Recorded data:
▼▼▼

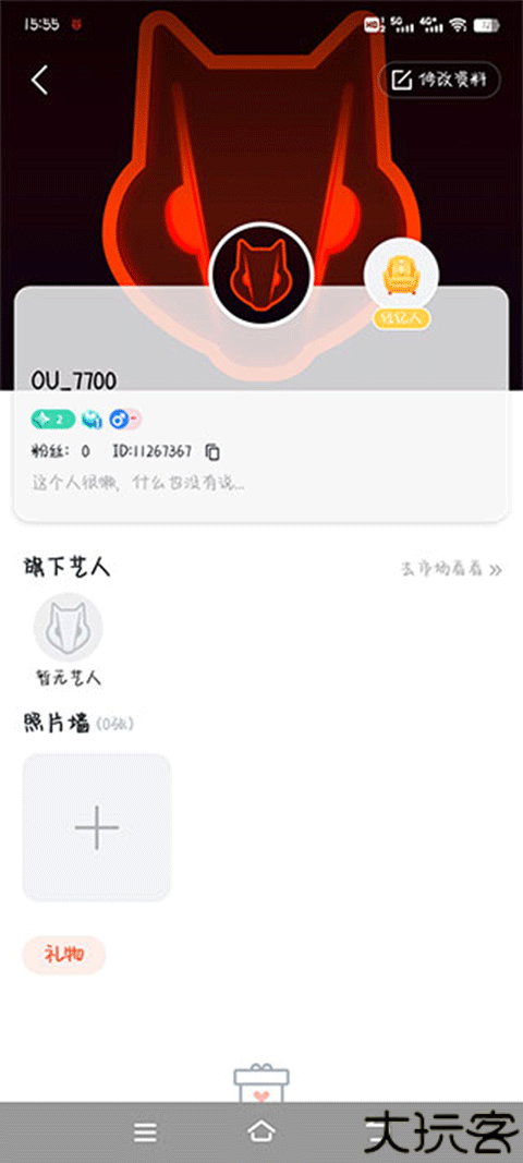 4、进入编辑页面后,点击右上角修改资料,让其他用户对自己是男是女分不清。
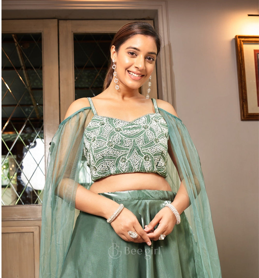 Soft Green Organza Lehenga Set
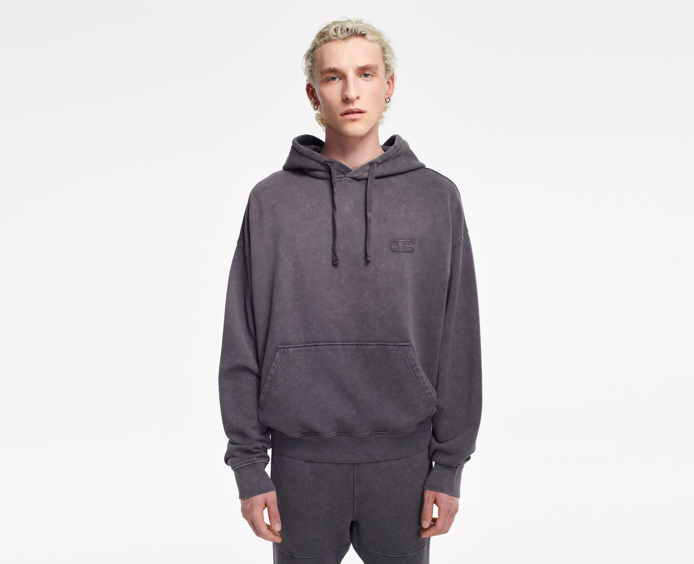 Kapuzenpullover cropped aus Bio-Baumwolle, unisex mit überschnittenen Schultern und aufgesetzter Kängurutasche.
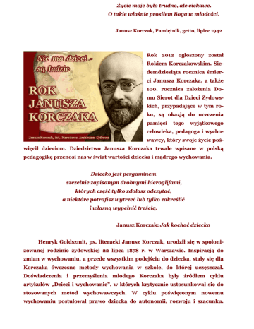 Życie moje było trudne, ale ciekawe. O takie właśnie prosiłem Boga w młodości. Janusz Korczak, Pamiętnik, getto, lipiec 1942 Rok 2012 ogłoszony został Rokiem Korczakowskim. Siedemdziesiąta rocznica śmierci Janusza Korczaka, a także 100. rocznica założenia Domu Sierot dla Dzieci Żydowskich, przypadające w tym roku, są okazją do uczczenia pamięci tego wyjątkowego człowieka, pedagoga i wychowawcy, który swoje życie poświęcił dzieciom. Dziedzictwo Janusza Korczaka trwale wpisane w polską pedagogikę przenosi nas w świat wartości dziecka i mądrego wychowania. Dziecko jest pergaminem szczelnie zapisanym drobnymi hieroglifami, których część tylko zdołasz odczytać, a niektóre potrafisz wytrzeć lub tylko zakreślić i własną wypełnić treścią. Janusz Korczak: Jak kochać dziecko Henryk Goldszmit, ps. literacki Janusz Korczak, urodził się w spolonizowanej rodzinie żydowskiej 22 lipca 1878 r. w Warszawie. Inspiracją do zmian w wychowaniu, a przede wszystkim podejściu do dziecka, stały się dla Korczaka ówczesne metody wychowania w szkole, do której uczęszczał. Doświadczenia i przemyślenia młodego Korczaka były źródłem cyklu artykułów „Dzieci i wychowanie”, w których krytycznie ustosunkował się do stosowanych metod wychowawczych. W cyklu poświęconym nowemu wychowaniu postulował prawo dziecka do autonomii, rozwoju i szacunku. Po śmierci ojca, Korczak w wieku 18 lat wziął na siebie obowiązek utrzymania rodziny dorabiając korepetycjami. W tym samym czasie studiował na Wydziale Lekarskim Uniwersytetu Warszawskiego. Po otrzymaniu dyplomu lekarza w 1903 r. podjął pracę jako pediatra w Szpitalu dla dzieci im. Bersonów i Baumanów. Dzięki swoim publikacjom, a także sumiennie wykonywanej pracy lekarza i podejściu do dziecka stał się znanym i poszukiwanym pediatrą w Warszawie. Studiując również za granicą, w Berlinie i Paryżu, Korczak stale podnosił swoje kwalifikacje, odbywał praktykę w klinikach dziecięcych, analizował metody pracy w zakładach wychowawczych. Współpracował z wieloma redakcjami czasopism, między innymi z „Głosem”, „Przeglądem Społecznym” i „Czytelnią dla Wszystkich”, w których publikował założenia nowych metod wychowawczych. Nie ma dzieci – są ludzie, ale o innej skali pojęć, innym zasobie doświadczenia, innych popędach, innej grze uczuć. Pamiętaj, że my ich nie znamy. Janusz Korczak W 1912 r. Korczak ostatecznie rozstał się z pracą w szpitalu i założył Dom Sierot dla Dzieci Żydowskich w Warszawie, którego dyrektorem pozostał do śmierci. W 1919 r. wraz z Maryną Falską i Marią Podwysocką założył również zakład wychowawczy Nasz Dom w Pruszkowie koło Warszawy. W Domu Sierot przy ulicy Krochmalnej 92 (obecna ulica Jaktorowska) współpracę z Korczakiem podjęła Stefania Wilczyńska, która pomagała Korczakowi wdrażać jego autorskie koncepcje pedagogiczne o ra z sama twórczo przyczyniała się do rozwoju placówki. Sierociniec funkcjonował do 1939 r., a podczas niemieckiej okupacji, dzieci wraz z wychowawcami zmuszone były przenieść się do getta. Dzięki staraniom Korczaka Dom Sierot Żydowskich początkowo przeniesiono do budynku szkoły kupieckiej przy ul. Chłodnej 33, a potem do gmachu Towarzystwa Pracowników Handlowych i Przemysłowych, położonego między ulicami Sienną a Śliską. Życie w getcie stawało się jednak coraz trudniejsze. Dnia 22 lipca 1942 r. rozpoczęła się dramatyczna akcja likwidacyjna getta. 6 sierpnia Janusz Korczak wraz z dziećmi wyprowadzeni zostali na Umschlagplatz, skąd wywiezieno ich do Treblinki. Dzisiaj, przed Pałacem Kultury i Nauki, gdzie znajdował się żydowski sierociniec, stoi pomnik upamiętniający to wyjątkowe miejsce, z którego Korczak wraz z gromadą dwustu dzieci wyruszył na śmierć w komorach gazowych. Jedno słońce nam przyświeca, jeden grad niszczy nasze łany i jedna ziemia kryje kości przodków naszych. Janusz Korczak: Społeczeństwo, 1910 Założenia pedagogiki Janusza Korczaka: dziecku należy się szacunek, powinno być traktowane jako podmiot, gdyż rozwija się dzięki własnej aktywności wychowanie powinno być traktowane jako proces oparty na partnerstwie dziecko powinno mieć zapewnione prawo do opieki całe społeczeństwo dorosłych powinno być odpowiedzialne za warunki życia dziecka powinno się poszukiwać i pogłębiać wiedzę o dziecku wszelkie techniki zastosowane w działaniach pedagogicznych powinny wynikać z założeń danego systemu opiekuńczo – wychowawczego Korczak przyczynił się do rozwoju nurtu tzw. Nowego Wychowania. Uważany jest za człowieka, który zapoczątkował walkę o prawa dziecka. W swoich poglądach nieustannie podkreślał potrzebę indywidualnego podejścia wychowawcy do każdego dziecka, wyjątkową jego rolę w życiu społecznym, akcentowanie i przestrzeganie jego praw. Dzieci to przyszli ludzie. Więc dopiero będą, więc jakby ich jeszcze nie było. A przecież jesteśmy: żyjemy, czujemy, cierpimy. Janusz Korczak: Szare dni, Pisma wybrane t. III
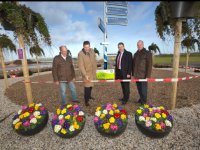 13-01-2012 - Met het doorknippen van een lintje heeft wethouder Breunis van de Weerd (Ede) vandaag de nieuwe rotonde op de toegangsweg naar Plantion, op het Bedrijventerrein A12 in Ede, officieel in...
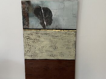 In this work, I have created a connection between past and present using acrylics, collage, and gold leaf. The abstract and impressionistic elements reflect inner thoughts and memories, while the golden line symbolizes hope and value. It brings a calm yet powerful energy to any room, inviting reflection and feeling.
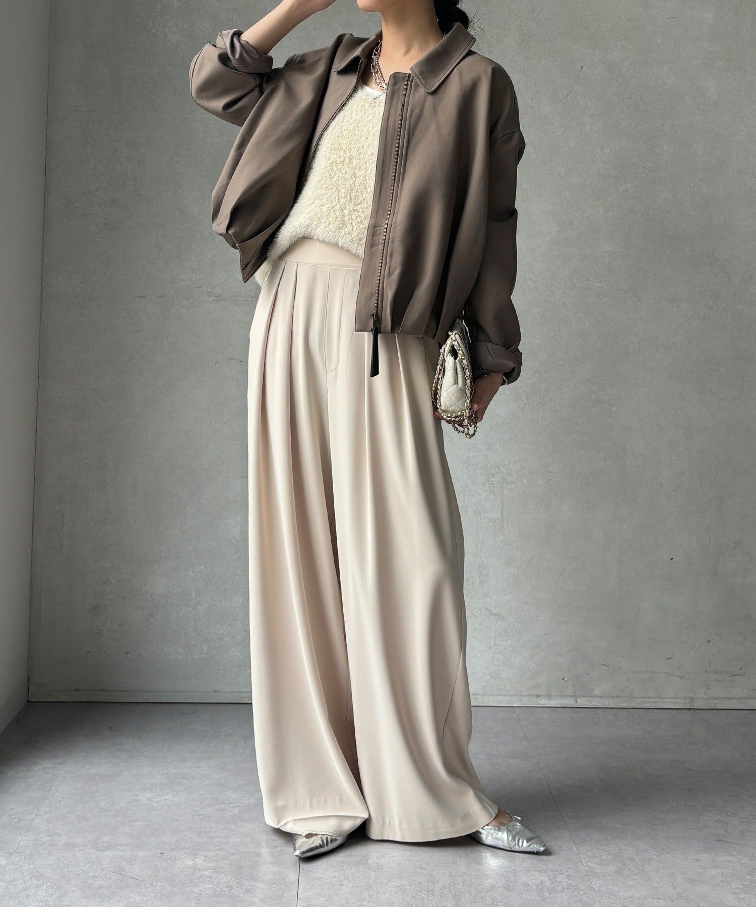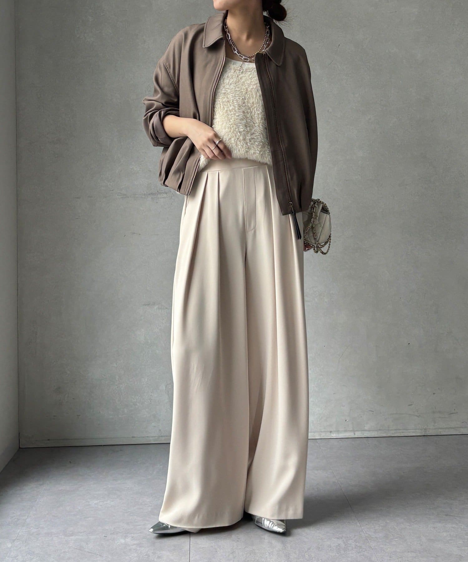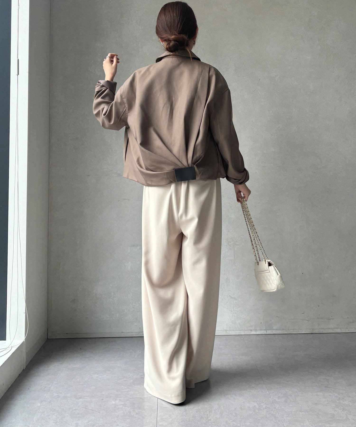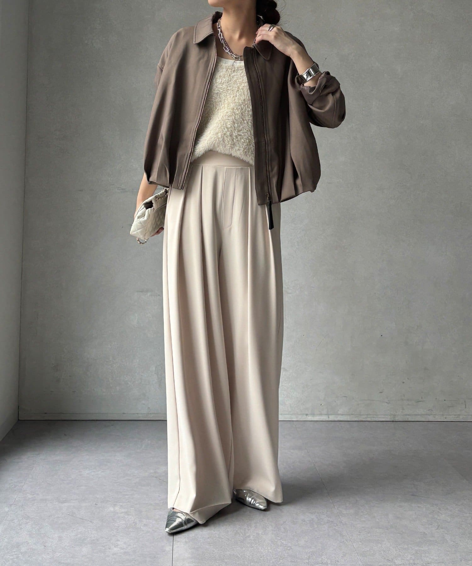 深めのタックを入れることで、ふんわりとしたバルーンシルエットを生み出し、女性らしい丸みをプラスしています。

▲▲▲

Would you write out all of the records exactly, omitting the pictures?

 4、进入编辑页面后,点击右上角修改资料,让其他用户对自己是男是女分不清。
 Soft Green Organza Lehenga Set
 Kapuzenpullover cropped aus Bio-Baumwolle, unisex mit überschnittenen Schultern und aufgesetzter Kängurutasche.
 Życie moje było trudne, ale ciekawe. O takie właśnie prosiłem Boga w młodości. Janusz Korczak, Pamiętnik, getto, lipiec 1942 Rok 2012 ogłoszony został Rokiem Korczakowskim. Siedemdziesiąta rocznica śmierci Janusza Korczaka, a także 100. rocznica założenia Domu Sierot dla Dzieci Żydowskich, przypadające w tym roku, są okazją do uczczenia pamięci tego wyjątkowego człowieka, pedagoga i wychowawcy, który swoje życie poświęcił dzieciom. Dziedzictwo Janusza Korczaka trwale wpisane w polską pedagogikę przenosi nas w świat wartości dziecka i mądrego wychowania. Dziecko jest pergaminem szczelnie zapisanym drobnymi hieroglifami, których część tylko zdołasz odczytać, a niektóre potrafisz wytrzeć lub tylko zakreślić i własną wypełnić treścią. Janusz Korczak: Jak kochać dziecko Henryk Goldszmit, ps. literacki Janusz Korczak, urodził się w spolonizowanej rodzinie żydowskiej 22 lipca 1878 r. w Warszawie. Inspiracją do zmian w wychowaniu, a przede wszystkim podejściu do dziecka, stały się dla Korczaka ówczesne metody wychowania w szkole, do której uczęszczał. Doświadczenia i przemyślenia młodego Korczaka były źródłem cyklu artykułów „Dzieci i wychowanie”, w których krytycznie ustosunkował się do stosowanych metod wychowawczych. W cyklu poświęconym nowemu wychowaniu postulował prawo dziecka do autonomii, rozwoju i szacunku. Po śmierci ojca, Korczak w wieku 18 lat wziął na siebie obowiązek utrzymania rodziny dorabiając korepetycjami. W tym samym czasie studiował na Wydziale Lekarskim Uniwersytetu Warszawskiego. Po otrzymaniu dyplomu lekarza w 1903 r. podjął pracę jako pediatra w Szpitalu dla dzieci im. Bersonów i Baumanów. Dzięki swoim publikacjom, a także sumiennie wykonywanej pracy lekarza i podejściu do dziecka stał się znanym i poszukiwanym pediatrą w Warszawie. Studiując również za granicą, w Berlinie i Paryżu, Korczak stale podnosił swoje kwalifikacje, odbywał praktykę w klinikach dziecięcych, analizował metody pracy w zakładach wychowawczych. Współpracował z wieloma redakcjami czasopism, między innymi z „Głosem”, „Przeglądem Społecznym” i „Czytelnią dla Wszystkich”, w których publikował założenia nowych metod wychowawczych. Nie ma dzieci – są ludzie, ale o innej skali pojęć, innym zasobie doświadczenia, innych popędach, innej grze uczuć. Pamiętaj, że my ich nie znamy. Janusz Korczak W 1912 r. Korczak ostatecznie rozstał się z pracą w szpitalu i założył Dom Sierot dla Dzieci Żydowskich w Warszawie, którego dyrektorem pozostał do śmierci. W 1919 r. wraz z Maryną Falską i Marią Podwysocką założył również zakład wychowawczy Nasz Dom w Pruszkowie koło Warszawy. W Domu Sierot przy ulicy Krochmalnej 92 (obecna ulica Jaktorowska) współpracę z Korczakiem podjęła Stefania Wilczyńska, która pomagała Korczakowi wdrażać jego autorskie koncepcje pedagogiczne o ra z sama twórczo przyczyniała się do rozwoju placówki. Sierociniec funkcjonował do 1939 r., a podczas niemieckiej okupacji, dzieci wraz z wychowawcami zmuszone były przenieść się do getta. Dzięki staraniom Korczaka Dom Sierot Żydowskich początkowo przeniesiono do budynku szkoły kupieckiej przy ul. Chłodnej 33, a potem do gmachu Towarzystwa Pracowników Handlowych i Przemysłowych, położonego między ulicami Sienną a Śliską. Życie w getcie stawało się jednak coraz trudniejsze. Dnia 22 lipca 1942 r. rozpoczęła się dramatyczna akcja likwidacyjna getta. 6 sierpnia Janusz Korczak wraz z dziećmi wyprowadzeni zostali na Umschlagplatz, skąd wywiezieno ich do Treblinki. Dzisiaj, przed Pałacem Kultury i Nauki, gdzie znajdował się żydowski sierociniec, stoi pomnik upamiętniający to wyjątkowe miejsce, z którego Korczak wraz z gromadą dwustu dzieci wyruszył na śmierć w komorach gazowych. Jedno słońce nam przyświeca, jeden grad niszczy nasze łany i jedna ziemia kryje kości przodków naszych. Janusz Korczak: Społeczeństwo, 1910 Założenia pedagogiki Janusza Korczaka: dziecku należy się szacunek, powinno być traktowane jako podmiot, gdyż rozwija się dzięki własnej aktywności wychowanie powinno być traktowane jako proces oparty na partnerstwie dziecko powinno mieć zapewnione prawo do opieki całe społeczeństwo dorosłych powinno być odpowiedzialne za warunki życia dziecka powinno się poszukiwać i pogłębiać wiedzę o dziecku wszelkie techniki zastosowane w działaniach pedagogicznych powinny wynikać z założeń danego systemu opiekuńczo – wychowawczego Korczak przyczynił się do rozwoju nurtu tzw. Nowego Wychowania. Uważany jest za człowieka, który zapoczątkował walkę o prawa dziecka. W swoich poglądach nieustannie podkreślał potrzebę indywidualnego podejścia wychowawcy do każdego dziecka, wyjątkową jego rolę w życiu społecznym, akcentowanie i przestrzeganie jego praw. Dzieci to przyszli ludzie. Więc dopiero będą, więc jakby ich jeszcze nie było. A przecież jesteśmy: żyjemy, czujemy, cierpimy. Janusz Korczak: Szare dni, Pisma wybrane t. III
 13-01-2012 - Met het doorknippen van een lintje heeft wethouder Breunis van de Weerd (Ede) vandaag de nieuwe rotonde op de toegangsweg naar Plantion, op het Bedrijventerrein A12 in Ede, officieel in...
 In this work, I have created a connection between past and present using acrylics, collage, and gold leaf. The abstract and impressionistic elements reflect inner thoughts and memories, while the golden line symbolizes hope and value. It brings a calm yet powerful energy to any room, inviting reflection and feeling.
 深めのタックを入れることで、ふんわりとしたバルーンシルエットを生み出し、女性らしい丸みをプラスしています。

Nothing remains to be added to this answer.